Congenital absence, atresia, and stenosis of the anus with fistula is a serious congenital malformation of the digestive system that presents at birth. This condition is characterized by the absence or abnormal narrowing of the anal opening, often accompanied by a fistula connecting the rectum to the urinary tract or vagina. The condition can lead to significant complications, including bowel obstruction, infection, and failure to thrive if not promptly diagnosed and treated. Diagnosis typically involves physical examination and imaging studies to assess the anatomy of the gastrointestinal tract. Surgical intervention is often required to create a functional anus and repair any associated fistulas. The condition is part of a spectrum of anorectal malformations, which may also include conditions like esophageal atresia, Hirschsprung disease, and imperforate anus. Early recognition and multidisciplinary management are crucial for optimal outcomes in affected infants.

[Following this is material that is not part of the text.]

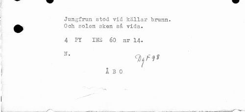 //// 1 //// : //// Jungfrun stod vid kallar brunn. //// ^^ Och solon sken så vida. //// 4 PY INE 60 nr 14- //// i' ÅBO //// y //// ^ * - - ////
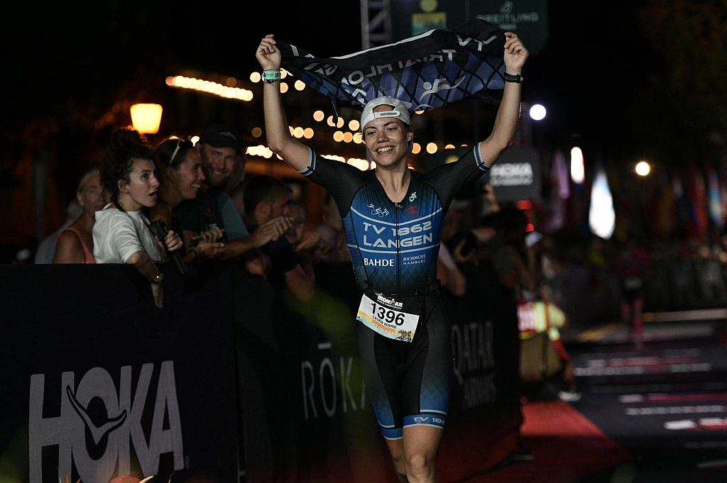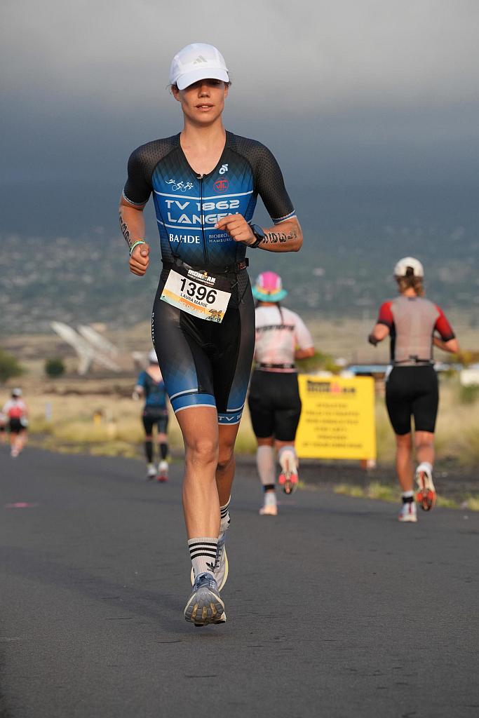 Beine. Als dann aber der Anstieg nach Hawi kam, änderte sich meine Stimmung. Es wurde immer heißer, wir hatten nur Gegenwind und der Anstieg nahm kein Ende. Bei jeder Verpflegungsstation versuchte ich, mich mit Wasser herunterzukühlen. Ich war wirklich froh, als ich am Wendepunkt ankam. Aber auch auf dem Rückweg hatten wir hauptsächlich Gegenwind oder Seitenwind. Das hat meine Motivation ordentlich gemindert. An den Verpflegungsstationen nahm ich irgendwann nicht mehr nur Wasser, sondern auch Cola. Das war nötig, damit meine Motivation nicht ganz verloren ging. Mit dem Wind hatte ich wirklich zu kämpfen. Aber ich war froh, dass ich keinen Platten hatte. An der Strecke habe ich leider ziemlich viele Mädels mit einem Defekt gesehen. Als ich in der Wechselzone ankam, wusste ich, dass ich es ins Ziel schaffen kann, denn auf das Laufen freue ich mich immer am meisten und es liegt mir auch am besten. Am Streckenrand entdeckte ich auch endlich wieder meine Familie. Das gab mir neue Motivation. Die ersten 10 km läuft man auf dem Ali’i Drive. Ich hatte richtig Spaß dabei und versuchte, nicht zu überpacen. An der Palani Road stand wieder meine Familie, die mich lautstark anfeuerte. Voller Freude blieb mir nichts anderes übrig, als den Berg hochzulaufen und nicht zu gehen, so wie es die meisten Athletinnen um mich herum getan haben. Mit vollem Herzen ging es nun auf den Highway und immer nur gerade aus. Alle 1,6 km gab es eine Verpflegungsstation. Jedes Mal schüttete ich mir so viel Wasser wie möglich über den Kopf, trank Cola und Iso und steckte zum Schluss noch ganz viel Eis in meinen Einteiler. Die Volunteers waren wirklich super und haben uns zugejubelt als wären wir die Profis. Nach 22 km ging es in das berühmte Energy Lab. Dort hatte ich beim Laufen zum ersten Mal mental zu kämpfen, weil die Strecke im Energy Lab einfach kein Ende nahm. Als ich dann endlich den Wendepunkt erreicht hatte, bekam ich neue Motivation. Bis km 35 ging es mir wirklich erstaunlich gut. Dann fiel es mir plötzlich schwer nach den Verpflegungsstationen wieder loszulaufen. Der Marathon nahm irgendwie kein Ende. Ich musste mich extrem motivieren und mit mir selber reden, dass es nicht mehr weit sei. Als das Ende des Highways in Sicht war und ich nur noch die Palani Road runter musste, bekam ich neue Energie. Wenn man die Palani Road herunterrennt, kann man schon das Ziel hören und hat das Gefühl, in wenigen Augenblicken anzukommen. Dies ist allerdings ein Trugschluss, da man noch einen Schlenker von gut einer Meile laufen muss. In diesem Moment entdeckte ich Silja, die wirklich nochmal zum richtigen Zeitpunkt an der Strecke stand und mich pushte. Als ich dann endlich rechts auf den Ali’i Drive in Richtung Ziel abbiegen konnte, wusste ich, dass ich es geschafft hatte. Den Zieleinlauf habe ich sehr genossen. Nach 11:24:22 h lief ich mit einer TV Langen Flagge durch den Zielbogen. Im Ziel nahmen mich meine Eltern in Empfang, die sich spontan als Finish Line Catcher gemeldet hatten. Es war so schön zu sehen, wie sie sich darüber freuten, dass ich es ins Ziel geschafft habe. Sie waren unglaublich stolz auf mich, was ein sehr schönes Gefühl ist.

Pediatric documentation must include detailed birth history, physical examination findings, and any imaging studies performed. Documentation of growth parameters and feeding difficulties is also essential.
Common scenarios include newborns presenting with failure to pass meconium, abdominal distension, or signs of infection. Surgical consultations are often required.
Coders should be aware of the need for precise documentation of the surgical approach and any complications that arise during treatment.
Genetic documentation should include family history, genetic testing results, and any syndromic associations with congenital malformations.
Scenarios may involve genetic counseling for families with a history of congenital anomalies or syndromes associated with anorectal malformations.
Consideration of chromosomal abnormalities that may be associated with congenital conditions is crucial for accurate coding.
Used during surgical correction of congenital absence or stenosis of the anus.
Detailed operative notes and postoperative care documentation are required.
Pediatric surgeons must provide comprehensive documentation to support the complexity of the procedure.
Accurate coding of Q42.2 is crucial for ensuring appropriate treatment and follow-up care for patients with congenital anorectal malformations. It also impacts reimbursement and data collection for congenital conditions.